Allen,

How is compliance testing going to handle this issue for software (versus hardware) writes to *tval CSRs?  For example, when software writes stval with an address, how is the validity judged?  Is it based on S-mode and satp.MODE, or on the state of the current privilege and translation modes?  Similarly, what happens when HS-mode writes vstval?

This is further ambiguity in the Priv spec that needs to be resolved - possibly (?) by you proposing a behavior that compliance will test for and thus require of any compliant implementations (and which the arch spec would then need to incorporate).  I suspect there is no great answer; each has its own ugly points for software and/or for hardware.

Or should the specified behavior for software writes simply be that the written value is always treated as if valid, i.e store the low N bits in the storage flops and set the special N+1 flop as sign-extension of the low N bits?  Or that hardware checks whether written bits [63:N] are sign-extension of the low N bits?  Both of these have their own uglinesses, and both would be wrong for Bare and M modes.

Greg

On Sun, Jun 14, 2020 at 2:39 PM Allen Baum <allen.baum@...> wrote:

When address-related exceptions occur, the xTVAL CSR is written with the faulting effective address.  However, the spec also says:

  Implementations may convert some invalid address patterns into other invalid addresses prior to writing them to xTVAL.

The purpose of this statement is to allow implementations to reduce the number of xTVAL storage bits when addresses are smaller than XLEN.  (If your implementation implements all XLEN bits of mtval, this point is moot, and you can skip to the last paragraph.)

We propose to constrain this behavior to simplify the task of compliance-testing the xTVAL registers.  In particular, allowing implementations to arbitrarily convert any invalid address to any other invalid address is impractical to test.

Some implementations, including the Rocket core, make xTVAL a two's complement value that's just 1-bit wider than the largest virtual address.  This allows xTVAL to represent all valid virtual addresses with the minimal number of physical storage bits, yet still allows it to distinguish properly sign-extended VAs from improperly sign-extended VAs.  

The scheme replaces improperly sign-extended bits with the inverse of a properly signed address[VA] bit.
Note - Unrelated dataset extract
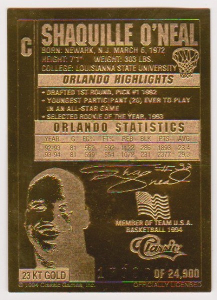 23 kt Gold - Shaquille O'Neal 1994 Classic Gold Card (1/24,900)

Or (in pseudo code):

  xTVAL[XLEN-1:VASIZE] = (address[XLEN-1:VASIZE] == sign_extend( address[VASIZE-1]))

    ?    sign_extend(address[VASIZE-1]

    :   ~sign_extend(address[VASIZE-1]; 

 The effect of this scheme is that valid virtual addresses are always preserved, whereas invalid virtual addresses always remain invalid, even though their MSBs are discarded.

We are proposing to restrict xTVAL implementations with fewer than XLEN physical storage bits to support only this invalid address conversion scheme.

-->   If your implementation conforms to this scheme, or if your xTVAL register can represent all XLEN bits unconditionally,  please select (reply with X following) "Yes."  

-->  If your implementation doesn't conform to this scheme, but still conforms to the ISA spec, please select (reply with X following) "No", and carefully explain in the comments field how your implementation recodes invalid addresses.  

"No" responses without a sufficient explanation in the comments will not be considered.

Yes: ___ (our implementation conforms to this constraint or implements XLEN bits)

No:  ___ (our implementation is ISA compliant but doesn't conform to this constraint)

Comment (if you select "no" above):